And in the midst of this silence they find the crashed alien spacecraft from Prometheus, with only Fassbender’s David still alive. Soon he and Walter, his brother from a slightly different program, are engaged in dialogues about their relationship to human beings, even as the luckless humans discover that the crashed ship brought with it some of the horrors from the last movie, which have mutated (or have been bred, perhaps by an android with way too much time on his hands?) in ways that bring them closer, much closer, to the chest-bursting monster that we know and love so well.
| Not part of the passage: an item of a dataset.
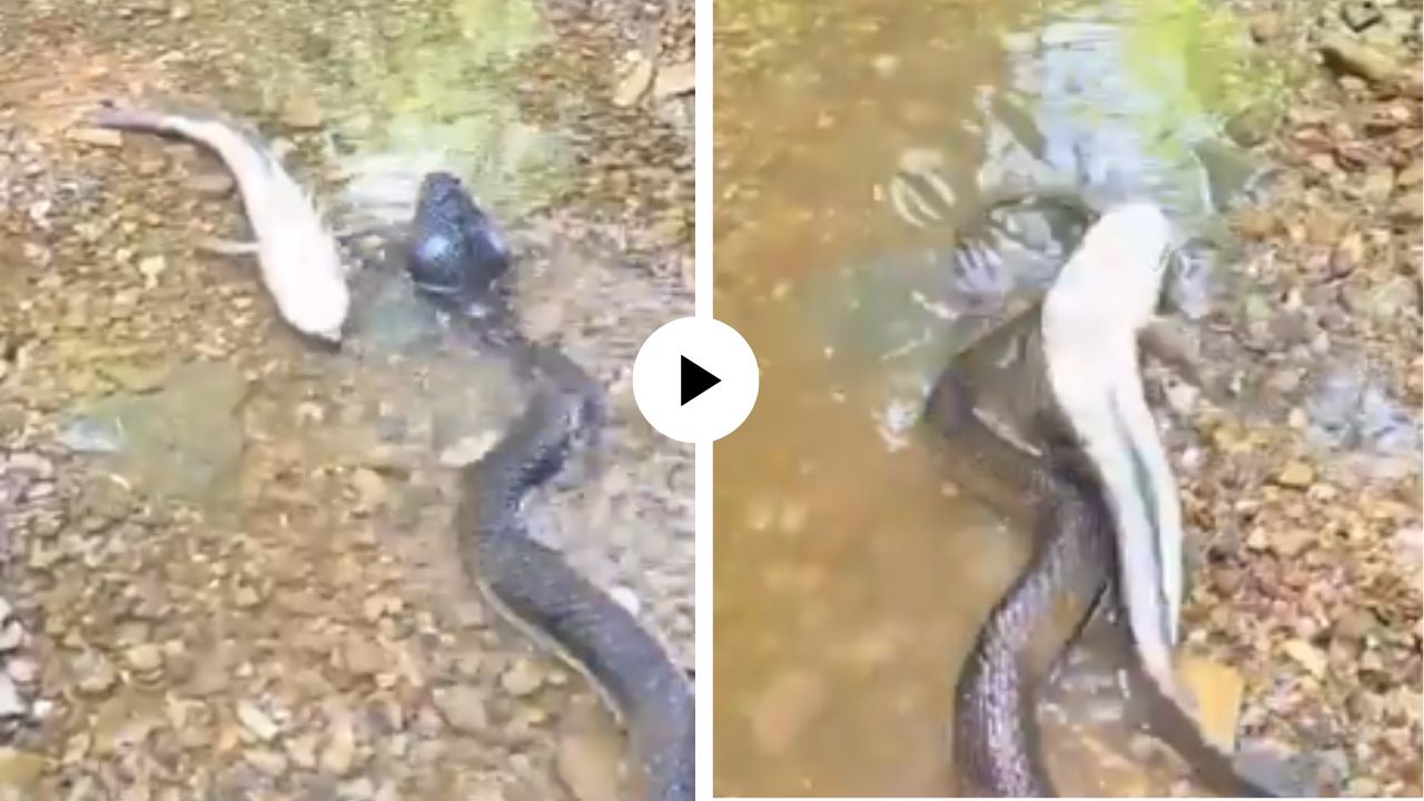 सोशल मिडियावर विविध व्हिडिओज व्हायरल होत असतानाच नुकताच इथे प्राण्यांसंबधित एक मजेदार आणि हास्यास्पद असा व्हिडिओ व्हायरल झाला आहे. प्राण्यांमध्ये शिकारीचे दृश्य फार सामान्य आहे. सध्या अशाच एका शिकारीचा व्हिडिओ सोशल मिडियावर व्हायरल झाला आहे ज्यातील दृश्ये पाहून तुम्हाला हसूच अनावर होईल. वास्तविक यात एका नदीत साप आणि त्याच्या समोर एक मासा पोहत असल्याचे दिसते पण खरी मजा तेव्हा येते जेव्हा मासा आपल्या मारण्याचे नाटक सुरु करतो. पण खरा ट्विस्ट तेव्हा होतो जेव्हा सापाचे खारेपण बाहेर येते. सापाला वेडा बनवण्याचा प्रयत्न करणारा मासा शेवटी स्वतःच वेडा ठरतो पण व्हिडिओत नक्की काय घडतं ते आम्ही तुम्हाला सांगतो, चला जाणून घेऊया.

Essentially, Scott seems to want to tell three kinds of story at once in these movies: The material about the Engineers is basically Chariots of the Gods for cosmic pessimists, a sci-fi story about meeting our makers and finding out that they’re not exactly what we hoped. The material with David (and now Walter) is an A.I.– or Ex Machina–type story about an artificial intelligence becoming self-aware and trying to decide what to do with (or to) its human progenitors. And the material about the slithering proto-Aliens is, well, an Alien movie — body horror, hunters and hunted, and who’s gonna get away alive?

I applaud Scott for his ambitions, but all of this is a lot to mash together. And Prometheus was ultimately undone by the gulf between these ambitions and its script: It was an impressive movie only so long as you accepted that none of the plotting or the characters’ behavior made any sense at all.

Covenant has a tighter, simpler story, which makes it a more immediately satisfying blockbuster. But it also cuts down some of Scott’s, er, Promethean ambitions (the entire Engineers plotline seems to be dispensed with in a single flashback) to make room for fan service: The latter half of the story feels like a rehash of Alien and Aliens with Waterston doing her best Sigourney Weaver impression.

So Covenant made me appreciate Prometheus a little more while feeling sorry that the story’s aspirations seemed dialed down. In the next prequel, I hope those ambitions make a comeback: If we’re going to be told more than we ever needed to know about the Alien’s origin, better to wrap it up in an insanely ambitious story than to just recycle what we’ve seen many times before.